Often I think our inner city park designs here are too focused on creating quaint, intimate park amenities rather than proper monumental ones. It's almost designed to say this park should be a way to forget you are in a city, rather than celebrate and integrated into the highly urban context. Often they are unsuccessful in practice because that's not what is missing in highly urban areas. In a way, it's a suburban way of thinking about public spaces - the urban context should be minimized and managed, not celebrated and integrated with.
Best examples of these types of parks are seen in older NA cities like New York and all over Europe. A park design that imagines many thousands of different users daily, coming from all directions, with many just cutting through the park for efficient access to the train station. Century Gardens is getting closer but is limited by the parcels around it to fully be that square.
Of course we need both styles of park, but the downtown and surrounding areas should have some leanings toward more of that higher-capacity, urban and monumental style plaza than yet another quaint sitting area for office workers 1 hour a day.
TL/DR: build a urban format cineplex immediately adjacent to the LRT in downtown. Also build better, more urban parks.
It always struck me as a wasted opportunity when this Courthouse Park was built. Usually I am all for defending public realm and public spaces, the only thing is downtown doesn't actually need more of this type of public space. The park is designed pretty much as a corporate plaza featuring a few horse statues with limited uses beyond downtown workers to eat their lunches outside an hour a day, a few months a year.

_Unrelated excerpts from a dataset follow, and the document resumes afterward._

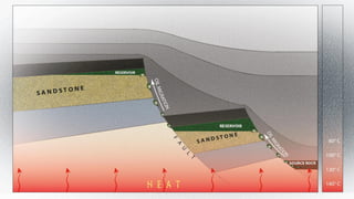 Migration of petroleum involves transporting hydrocarbons from the source rock to accumulation points within reservoirs, divided into three stages: primary, secondary, and tertiary migration. Primary migration allows hydrocarbons to move within source rocks to permeable carrier beds, influenced by expulsion models like saturation, pressure-driven, and chemical diffusion. Secondary migration involves hydrocarbons moving within carrier beds towards accumulations, whereas tertiary migration refers to the remobilization from existing accumulations, potentially altering volumes and fluid characteristics.
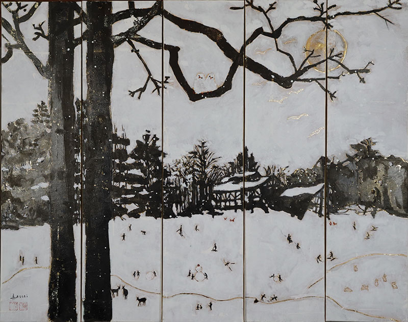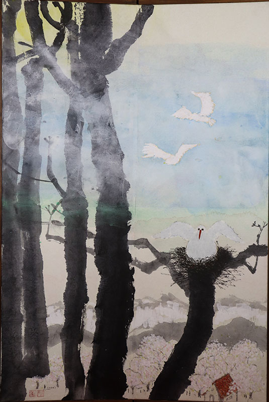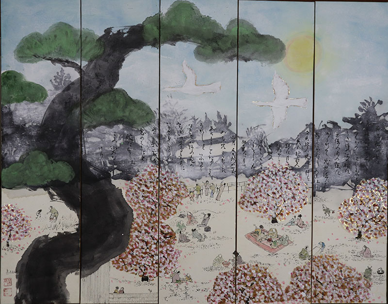 Comptant parmi les très rares calligraphes titulaires du 5e dan de professorat présents en Europe, elle est aussi passée maître dans l’art de l’aquarelle traditionnelle japonaise “Gansaï”. Pour cette technique ancestrale, elle prépare elle-même les pigments minéraux et végétaux au pilon, les mélangeant à de la colle de peau pour finalement les déposer au pinceau de martre sur d’extraordinaires papiers japonais marouflés sur toile.
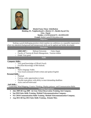 This document contains a resume for Khaled Samy Omar Abdelhalem. It lists his contact information, objective of seeking a challenging position matching his education and skills, education in tourism and hotel management, computer and language skills, and work experience including his current role as Assistant Store Manager for Protect Me Egypt and previous roles in sales and customer service for telecommunications companies. It provides details of his responsibilities, achievements, and training in each role.
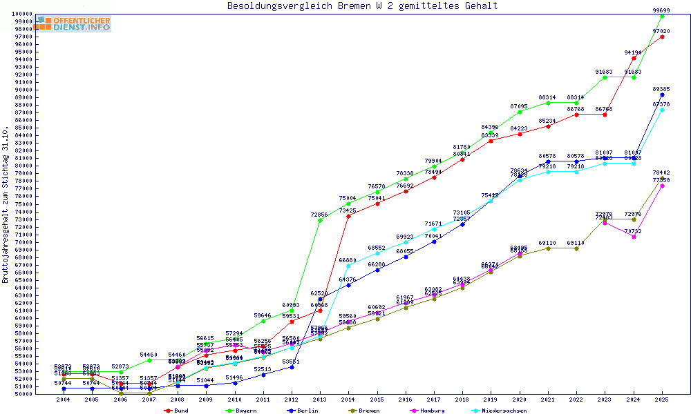 | Besoldungsvergleich W 2 im Jahr 2025 | gemitteltes Gehalt | ||||||

Don't get me wrong - Courthouse park is nice enough as a park. But we have dozens of these spaces everywhere in the core, did we actually need another one? How does this park contribute to solving downtown's great challenges around being perceived as boring, empty and limited activity after 5 pm?
What should have gone there in my idealist world? Urban format cineplex.

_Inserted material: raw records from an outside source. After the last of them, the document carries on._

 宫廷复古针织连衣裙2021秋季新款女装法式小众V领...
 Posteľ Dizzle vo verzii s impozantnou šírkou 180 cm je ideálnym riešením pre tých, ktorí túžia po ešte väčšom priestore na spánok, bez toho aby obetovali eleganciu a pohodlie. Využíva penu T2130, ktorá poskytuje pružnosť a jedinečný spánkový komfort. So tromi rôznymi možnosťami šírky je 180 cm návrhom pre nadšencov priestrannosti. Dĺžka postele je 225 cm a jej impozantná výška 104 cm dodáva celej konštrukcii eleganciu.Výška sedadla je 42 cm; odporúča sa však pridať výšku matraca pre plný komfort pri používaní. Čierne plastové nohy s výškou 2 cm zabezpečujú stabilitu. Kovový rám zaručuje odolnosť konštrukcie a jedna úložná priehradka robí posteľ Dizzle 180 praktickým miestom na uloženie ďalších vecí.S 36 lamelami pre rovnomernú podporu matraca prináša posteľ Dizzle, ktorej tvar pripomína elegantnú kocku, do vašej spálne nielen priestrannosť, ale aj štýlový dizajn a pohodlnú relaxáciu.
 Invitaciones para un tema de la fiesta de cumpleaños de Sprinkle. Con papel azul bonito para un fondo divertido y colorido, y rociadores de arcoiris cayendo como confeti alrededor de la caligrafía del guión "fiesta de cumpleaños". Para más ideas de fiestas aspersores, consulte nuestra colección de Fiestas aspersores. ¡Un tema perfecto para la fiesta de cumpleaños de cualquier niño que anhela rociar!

- Directly connected to the existing mall via the Plus 15 to the 4 Street Station.
- Synergistic link to both the mall and the nearby Globe Theatre for the occasional film fest.
- Immediate, high-quality transit access for all quadrants. The only theatre directly on an LRT line.
- Attracts evening users, families and teenagers - everything the downtown is missing.
I would have also accepted a proper, barrier-free public urban square style park. That would give full circulation to pedestrian in all directions fully integrated into the station, instead of yet another park broken up by concrete barriers and weird lines preventing access from many direction. The square could be used events, but would far more flexible and open than Olympic Plaza (with yet another weird, broken up design), while being located far closer and more integrated with transit, the mall and retail district, and the nearby population clusters of the central Beltline.
Often I think our inner city park designs here are too focused on creating quaint, intimate park amenities rather than proper monumental ones. It's almost designed to say this park should be a way to forget you are in a city, rather than celebrate and integrated into the highly urban context. Often they are unsuccessful in practice because that's not what is missing in highly urban areas. In a way, it's a suburban way of thinking about public spaces - the urban context should be minimized and managed, not celebrated and integrated with.
Best examples of these types of parks are seen in older NA cities like New York and all over Europe. A park design that imagines many thousands of different users daily, coming from all directions, with many just cutting through the park for efficient access to the train station. Century Gardens is getting closer but is limited by the parcels around it to fully be that square.
Of course we need both styles of park, but the downtown and surrounding areas should have some leanings toward more of that higher-capacity, urban and monumental style plaza than yet another quaint sitting area for office workers 1 hour a day.
TL/DR: build a urban format cineplex immediately adjacent to the LRT in downtown. Also build better, more urban parks.